Moral worth cannot depend on stage of development; otherwise, the elderly, comatose, and disabled lose it as well. Biblical justice protects the powerless—precisely those “hidden” lives modern culture discards.
9. “Progressivism reflects ongoing revelation—truth evolves with society.”
Rebuttal:
That premise assumes man’s moral intuition outruns divine revelation. Scripture explicitly denies this: “The grass withers, the flower fades, but the word of our God stands forever” (Isaiah 40:8).
If moral truth evolves, it ceases to be truth—becoming social preference. Christianity’s entire epistemic structure collapses if revelation is relativized to culture.
Progress is not discovering new truths; it is conforming more fully to the truth already revealed.
10. “Empirical harm (e.g., depression, suicide among gay youth) shows traditional ethics are damaging.”
Rebuttal:
Correlation is not moral causation. Pain does not determine rightness. Every moral boundary restricts desire, and all discipline is painful before it heals (Hebrews 12:11).

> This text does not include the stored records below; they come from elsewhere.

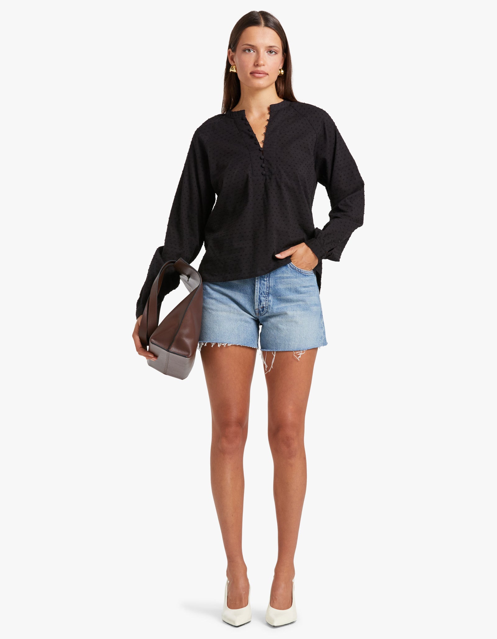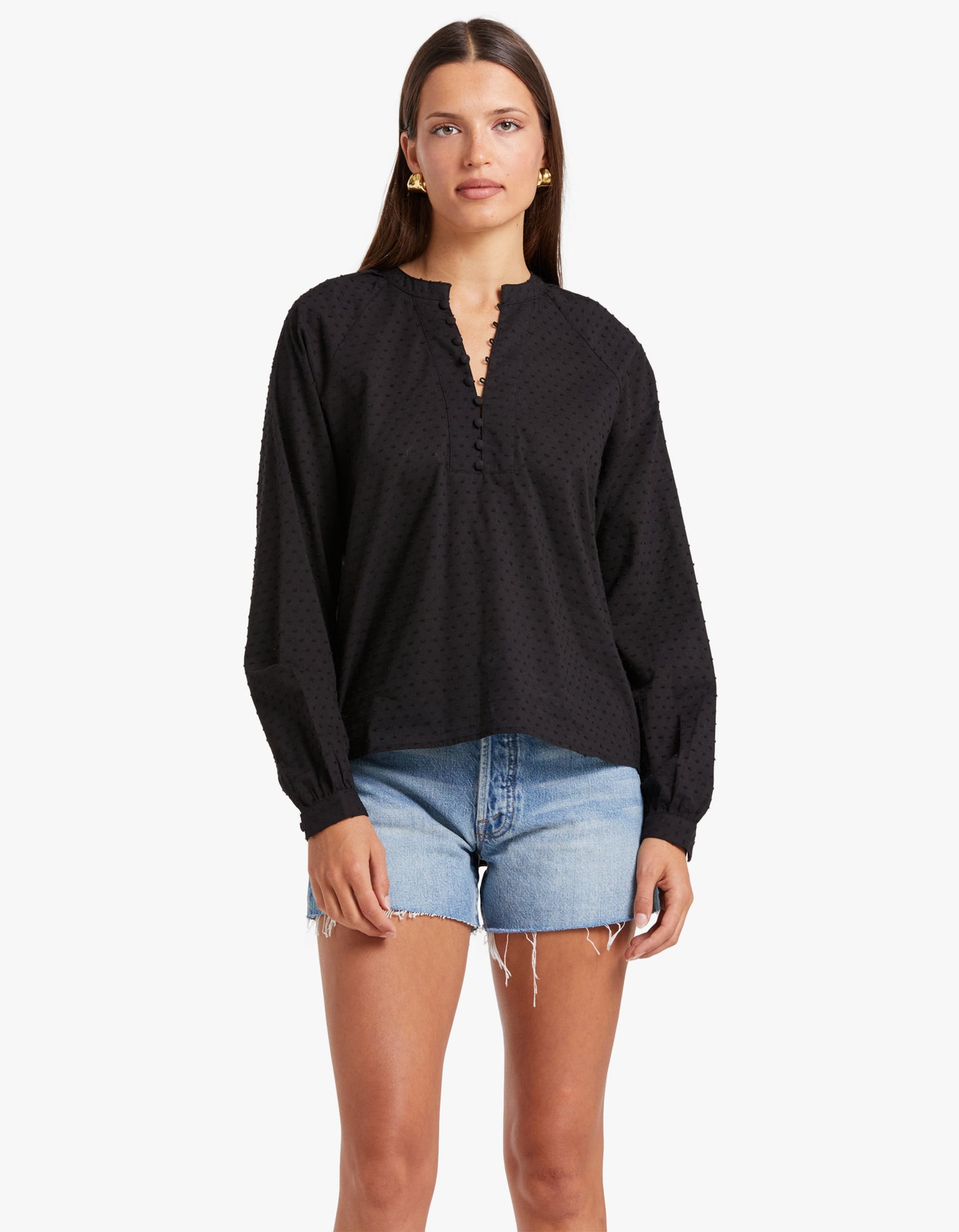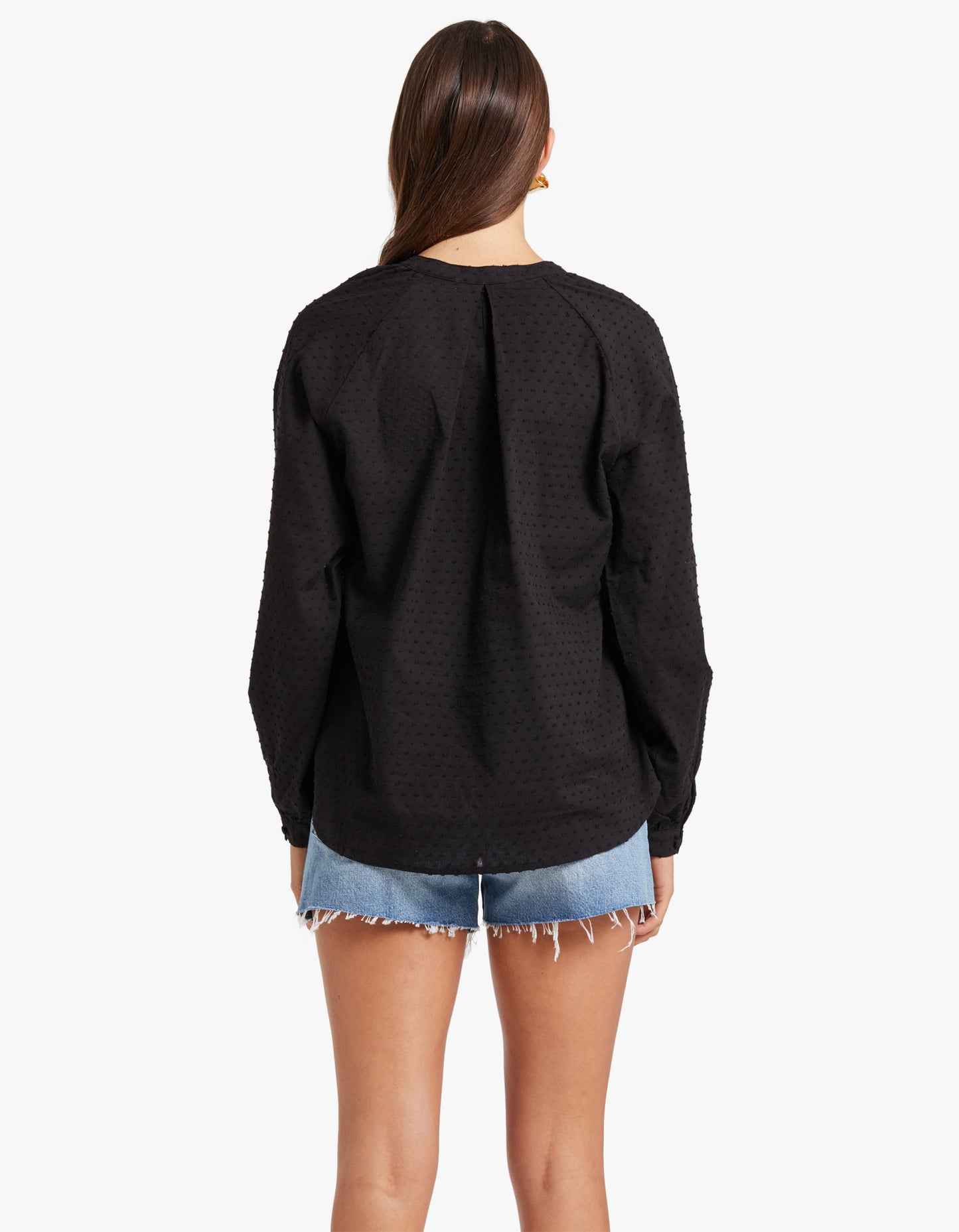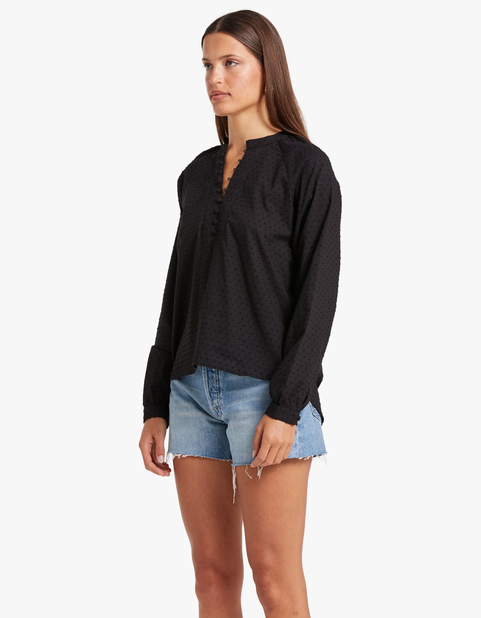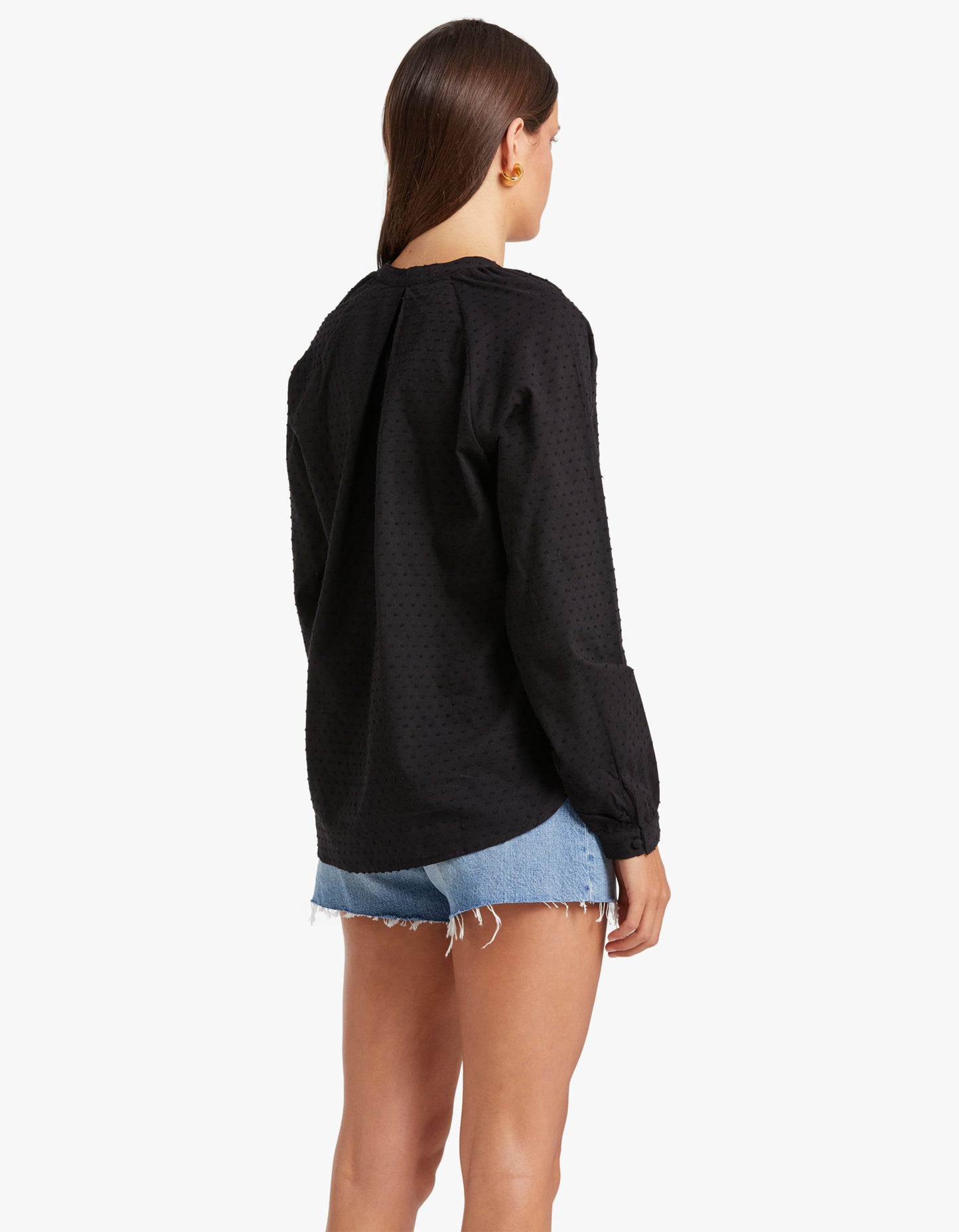 New Zealand brand Remain presents the Laycie Blouse, crafted from a textured swiss dot fabrication and detailed with a v-neckline - refresh your wardrobe with this elevated style. Simply pair with a tailored trouser for a more formal look or a denim mini skirt ready to to run errands.
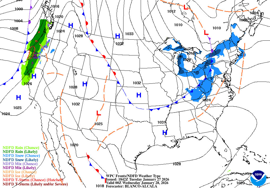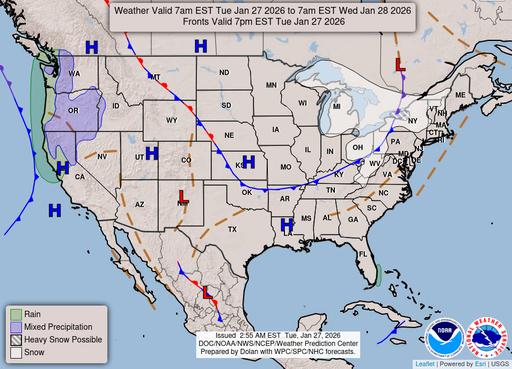 Atlantic coastal waters from Jupiter Inlet to Ocean Reef out to 60 nm and Gulf coastal waters from East Cape Sable to Chokoloskee out 20 nm and Chokoloskee to Bonita Beach out 60 nm.including the waters of Biscayne Bay and Lake Okeechobee. Seas are provided as a range of the average height of the highest 1/3 of the waves.along with the occasional height of the average highest 10 percent of the waves. A cold front has passed through South Florida leading to the development of gusty northwesterly flow across local waters. Wind gusts between 30-40 knots remain possible through this afternoon with wave heights peaking between 7-9 feet in the Gulf and 10-12 feet in the Atlantic. A Gale Warning is in effect for all local waters through this morning, after which a Small Craft Advisory will remain in effect through the remainder of the evening. Gulf Stream Hazards: Sustained winds increasing to 25-30 knots this gusts up into Gale force. Waves will quickly build to 10-12 feet during the early morning hours of Tuesday. The approximate location of the west wall of the Gulf Stream as of Jan 27, 2026. 1 nautical miles north northeast of Fowey Rocks. 10 nautical miles northeast of Port Everglades. 3 nautical miles east northeast of Lake Worth. 6 nautical miles east northeast of Jupiter Inlet. This data courtesy of the Naval Oceanographic Office.
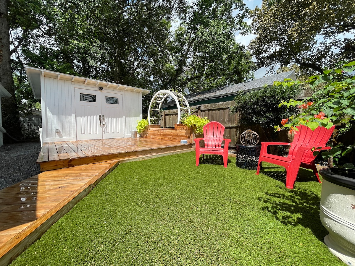 리모델링을 거친 게스트하우스에서 내 집 같은 편안함을 누리세요. 열쇠 없는 간편한 셀프 체크인, 1구 인덕션 쿡탑이 있는 미니 주방, 전자레인지, 큐리그 커피 메이커, 조리도구, 조리 도구가 갖춰져 있습니다. 무료 와이파이, 43인치 스마트 TV, 침구, 잠자는 곳에 있는 풀사이즈 침대, 나무 사이에 높이 앉아 있는 뒤쪽의 전용 데크. 조명이 밝은 조용한 거리에 주차할 수 있으며, 일부 지역에는 보안 카메라가 설치되어 있습니다. 실내 흡연/베이핑 불가입니다. 질문이나 예외 사항이 있는 경우 DM을 보내주세요!
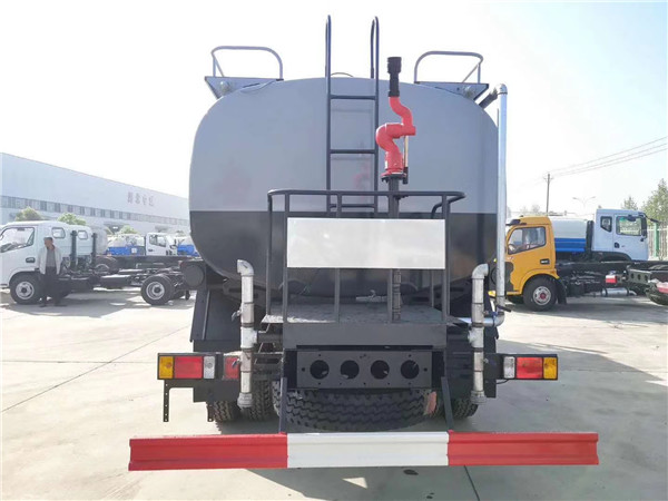 歐曼灑水車罐體下面有灑水車進水.出水以及連同的管道,管道排布整齊,一眼就能看清走向,管道到采用一次性成型鋁合金管。防腐能力強,不生銹,管道外接口處有防護欄,紅白兩色非常明顯,后工作平臺上面也有紅白兩色的防護欄,防護欄上面裝有后尾燈,和上牌架,后工作平臺上裝有簡易的爬梯,使用耐用,后工作平臺上面裝有警示牌,上面寫有隨時停車注意安全的字樣。
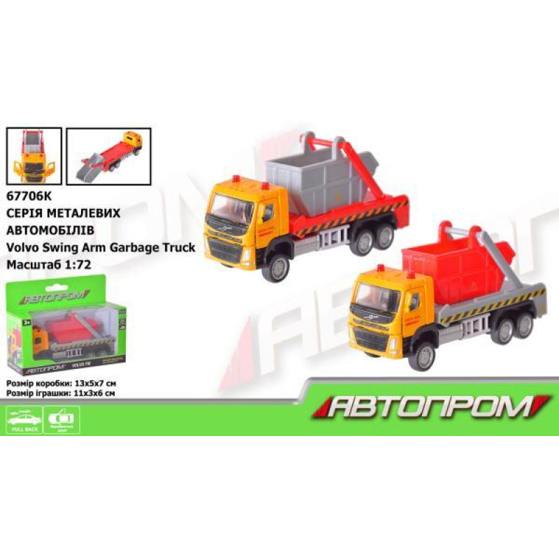Машина металл. "АВТОПРОМ" 1:72 Volvo Swing Arm Garbage Truck, подвижные элементы, в корр. 13,5*7*5см..
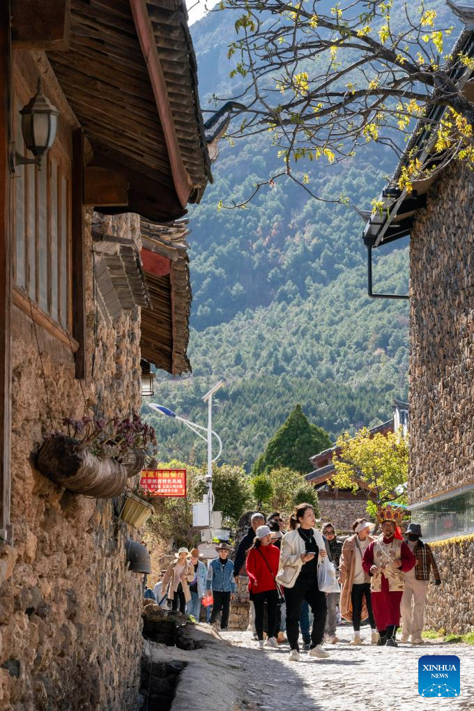 He Jielin (2nd R) guides tourists around Yuhu village, Lijiang City, southwest China's Yunnan Province, March 27, 2024. Living in Yuhu village at the foot of the Yulong Snow Mountain, He Jielin has witnessed the changes in this ancient Naxi village.
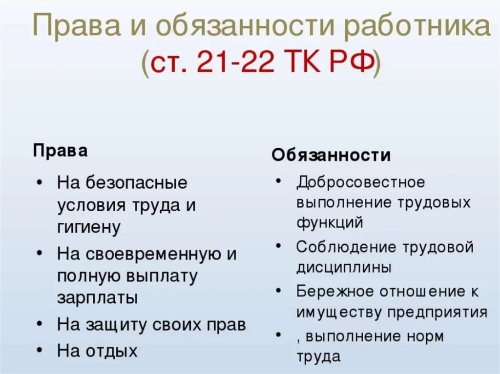 • Изучить права и обязанности работника и

The church must bear burdens with compassion, but the antidote to despair is not moral revision—it is grace, belonging, and sanctification in Christ. The truth that wounds sin also saves the sinner.
11. “Using the Bible to enforce moral law on society is coercive.”
Rebuttal:
All law enforces a moral vision. The question is not whether we legislate morality, but whose morality we legislate.
Christian ethics seeks universal goods grounded in the Imago Dei—human life, freedom, dignity. Laws protecting the unborn or defining marriage align with those transcendent truths. Neutral law is a myth; every legal system assumes a moral foundation.
12. “God allows difference—He made people diverse in gender, sexuality, and belief.”
Rebuttal:
Diversity in creation reflects His creativity, not moral pluralism. God made species diverse but moral law singular. To equate moral variance with divine design confuses ontology with rebellion. The fall fractured creation; Christ came not to validate broken patterns but to restore original ones.
Summary Principle:
Progressive hermeneutics mistake divine patience for moral permission. God’s trajectory in history is not toward moral relativism but toward redemption and restoration of His perfect standard through Christ—the same standard He declared from the beginning.